AG Brown’s Office celebrates historic milestone in Hanford nuclear cleanup

Published Date: Oct 17, 2025

It’s just glass, but its production changes everything for nuclear waste cleanup in Washington state. After decades of work by governors, lawmakers, attorneys general, and the Tri-Cities community to hold the federal government accountable, the U.S. Department of Energy is now converting radioactive waste left at the Hanford nuclear reservation into a stabilized substance that will no longer threaten the health of residents or Washington’s natural resources. Through court actions and negotiations, the Attorney General’s Office over the decades has played a central role in keeping the U.S. Department of Energy accountable for its obligation to cleanup Hanford.

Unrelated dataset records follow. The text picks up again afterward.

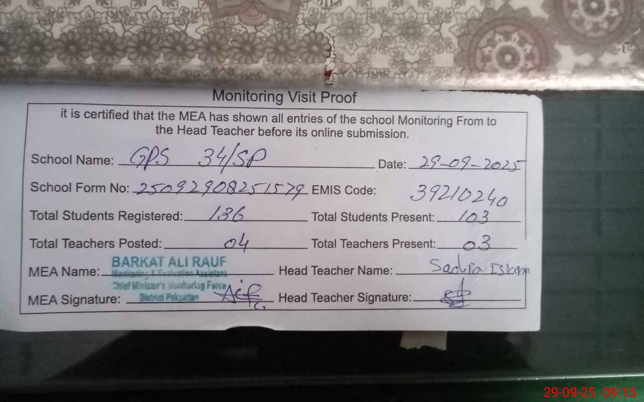 | EMIS Code: 39210240 | Name of School: GPS CHAK NO. 34 SP | |||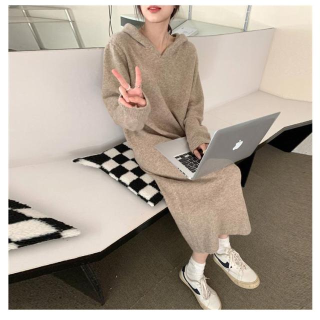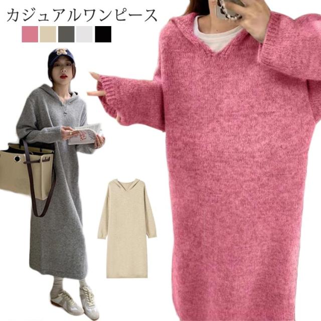 送料無料 ニットワンピース レディース ロングワンピース マキシ丈 フード付き ニット ワンピ 長袖 秋冬 暖かい ワンピース ゆったり 大きいサイズ セーター 体型カバー ルームウェア おしゃれ きれいめ 大人可愛い カジュアル
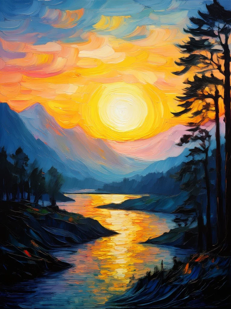 In “Golden Horizon,” the sun sits low on the horizon, casting its radiant light over a calm river, framed by distant mountains and silhouetted trees. The colors blend together in a symphony of soft pastels and bold hues, each stroke adding depth to the scene. This painting invites viewers to immerse themselves in a moment of tranquility, where natureโs beauty and serenity reign supreme. ๐ ๐ฒ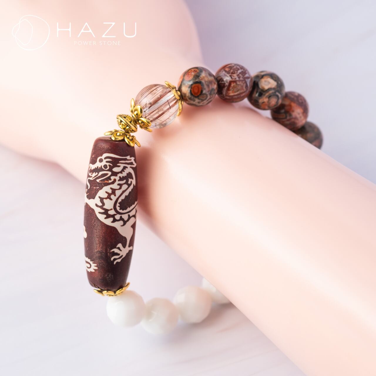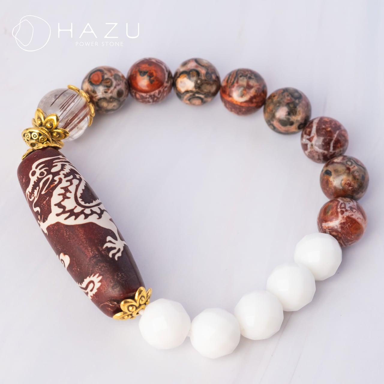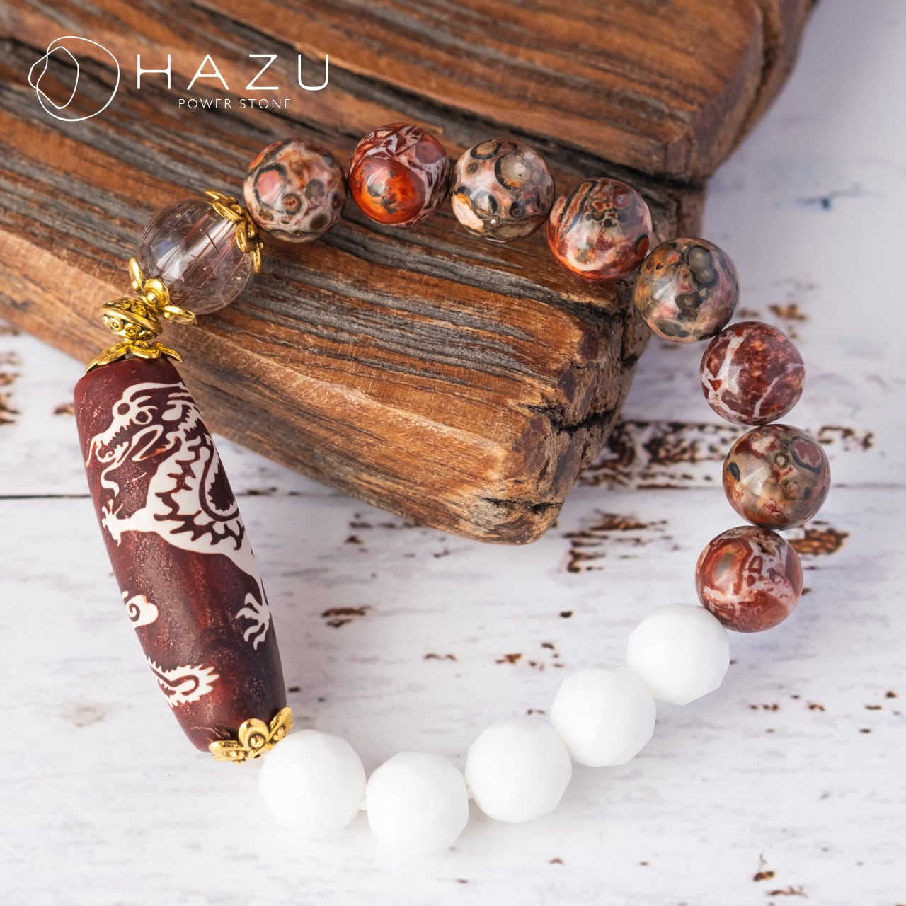魔除けと運気上昇!赤龍神パワーブレス[龍神天珠/龍宮舎利/ルチルクォーツ/ホワイトオニキス]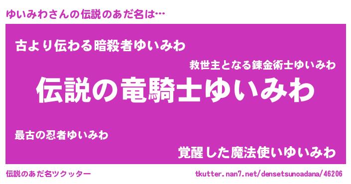 | ヒーロー風カッコイイあだ名 | 『スーパーユイミワ』『仮面ユイダー』 |
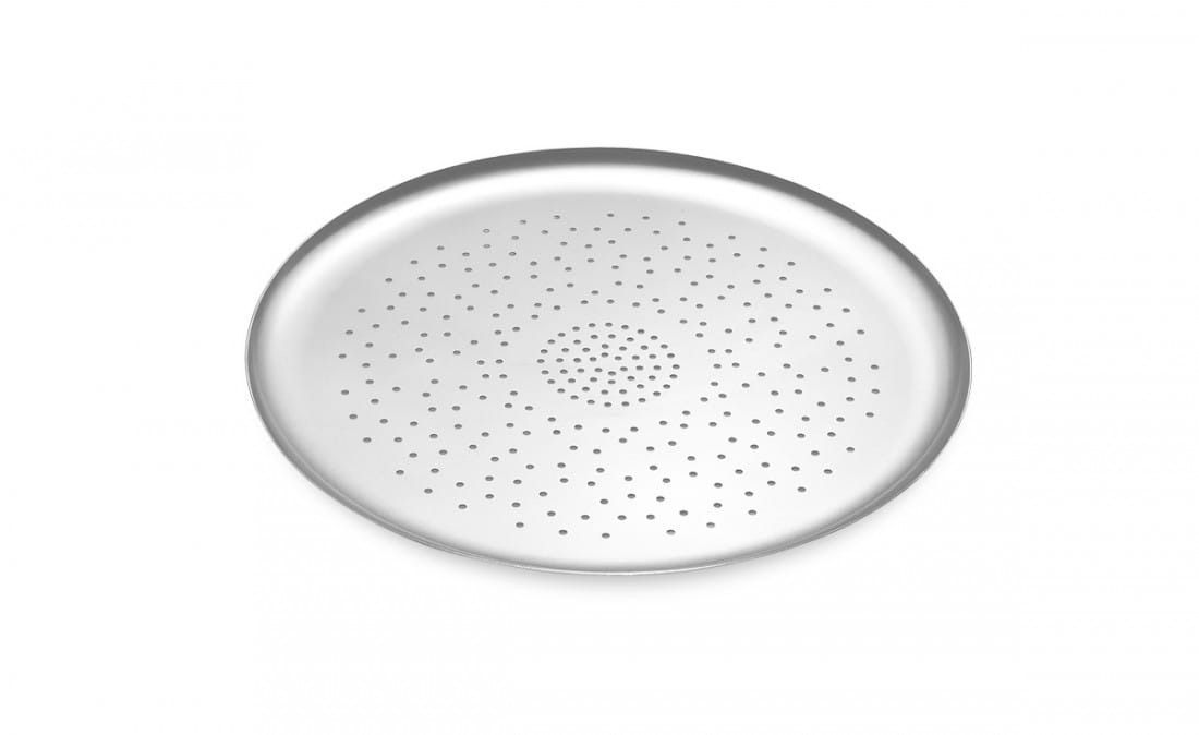 Descrição: Forma de pizza em alumínio abaulada com furos.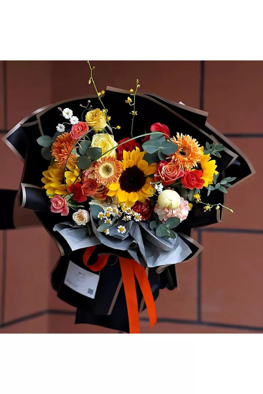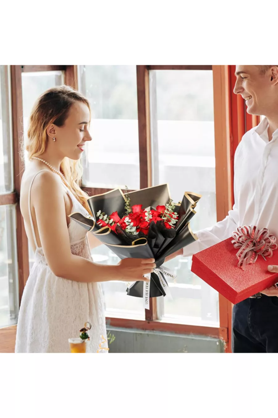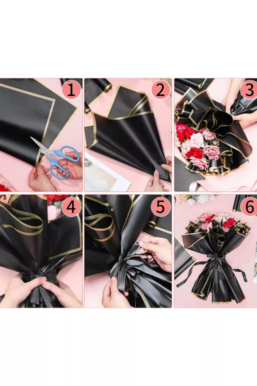 Опаковъчна хартия за цветя черна с златисти ръбове 4 броя за изкуствени цветя, сухи цветя и свежи цветя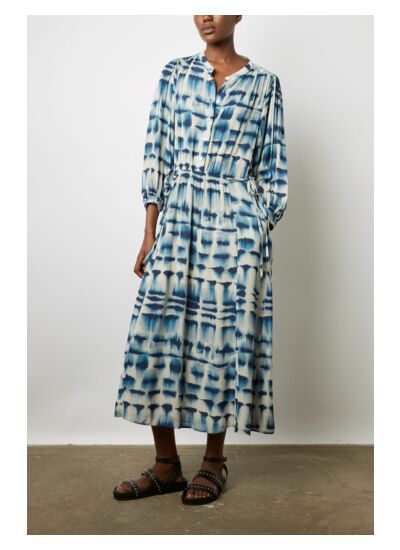 Robe midi dans une matière douce et fluide au toucher soie. Imprimé tie and dye dans un esprit bohème chic. A porter casual avec des sandales plates, ou sophistiquée avec des escarpins.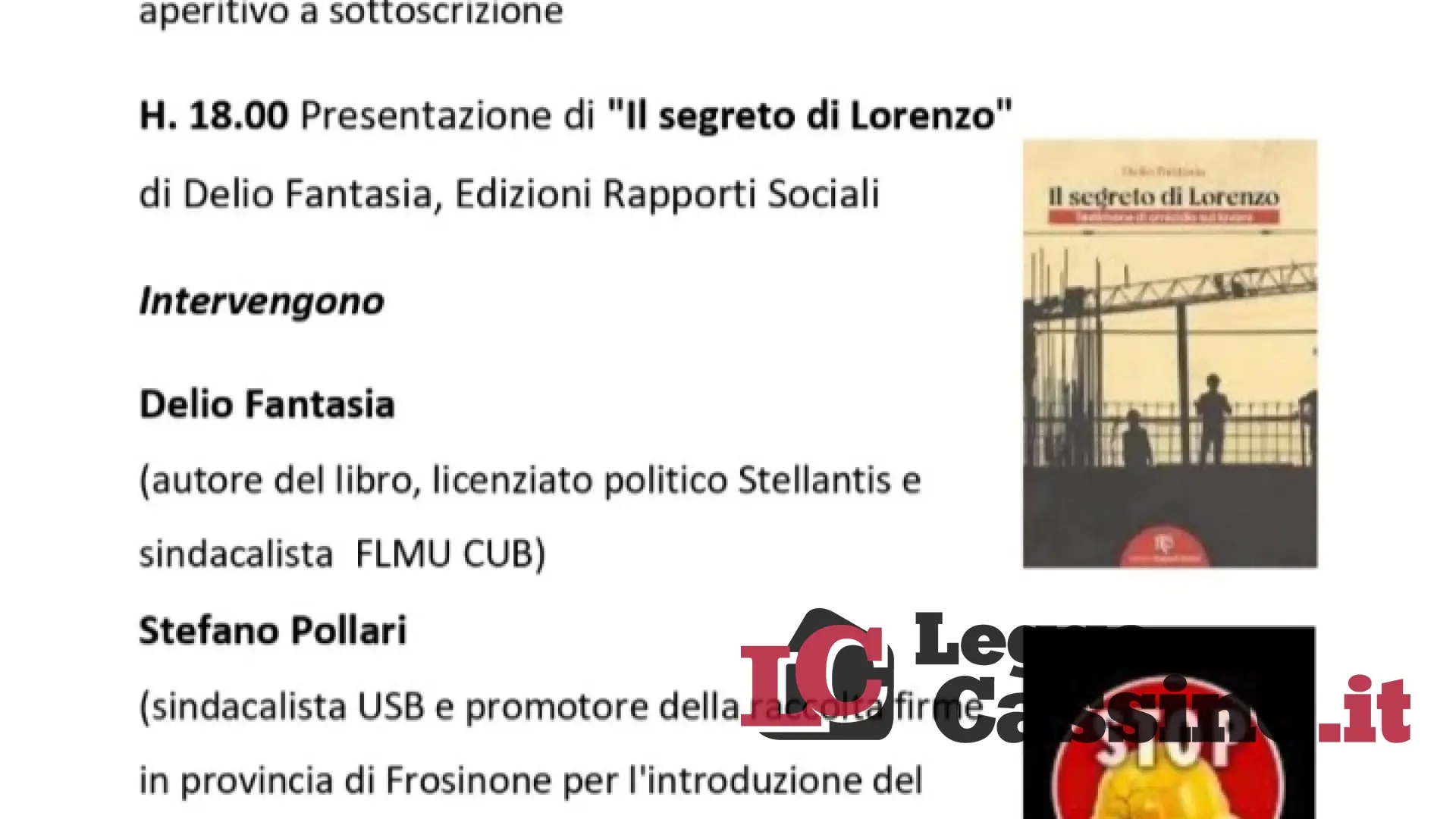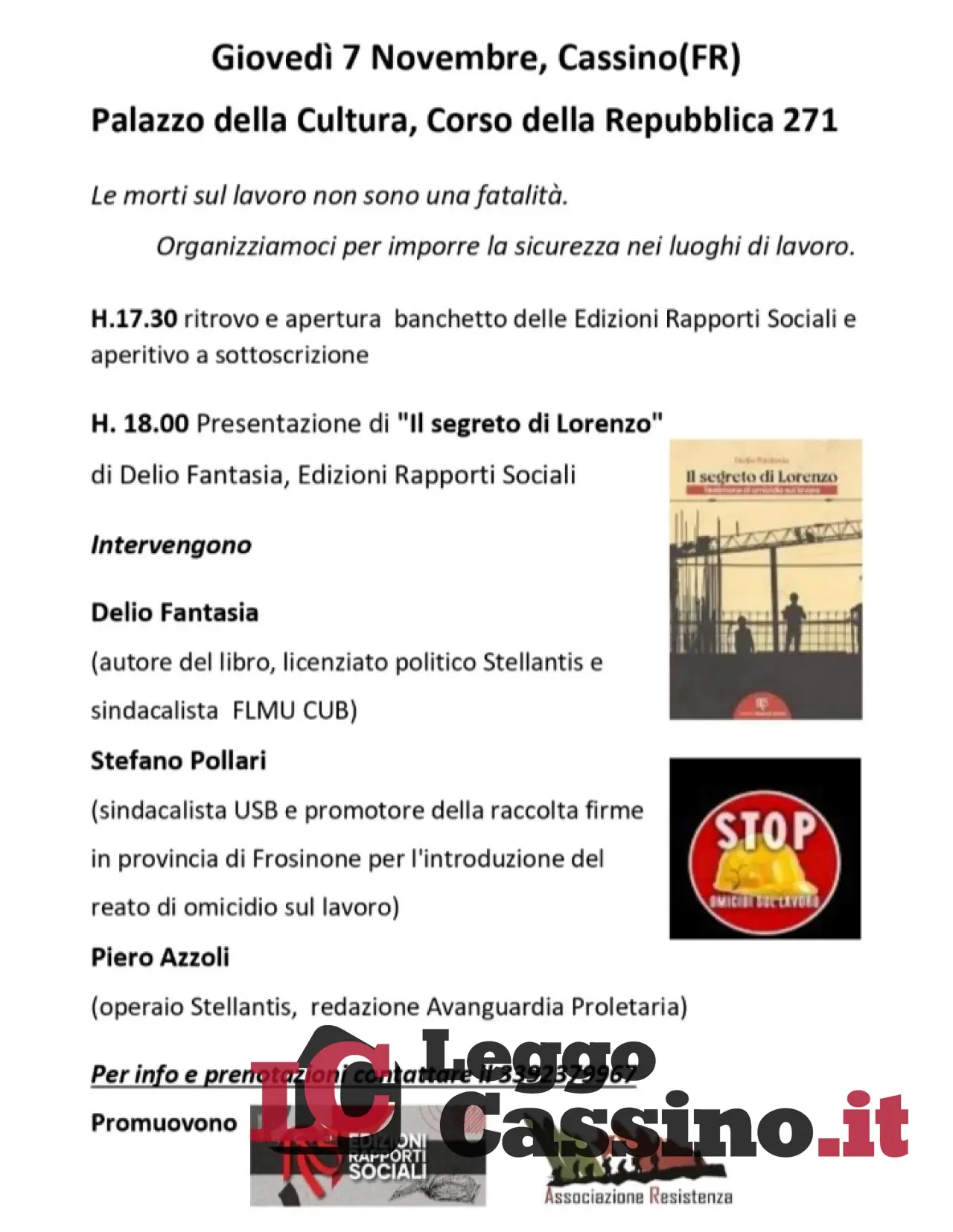 “Un volume che narra di una storia vera di omicidio sul lavoro – spiega l’autore Delio Fantasia - e parla a tutti noi, di sicurezza sul lavoro come diritto inalienabile di chi lavora. Della necessità della denuncia foss'anche in forma anonima e di una resistenza operaia che non può che continuare. Un confronto che metterà insieme diverse realtà, provenienze ed esperienze. Una cosa bella e utile, perché l'assemblea ha rilanciato l’idea di costruire un lavoro comune, ordinario e di coordinamento sul territorio, che metta al centro l'unità di classe e la forza del protagonismo operaio e dei lavoratori. Un'iniziativa, così, al servizio della lotta di classe. Non solo così per dire”.

The waste treatment that began last week came 16 years after its original starting deadline, and the state might still have been waiting if not for generations of state elected leaders in Olympia and in Congress insisting on seeing the job done.

“This moment would not have been possible without many leaders in Washington state history, both Democrat and Republican, working to ensure the federal government honored its obligations to the people of Washington,” said Attorney General Nick Brown. “Even weeks before vitrification began, we were still fighting to make sure the federal government proceeded with this process. This milestone begins a new era for the Tri-Cities and Washington state as a whole.”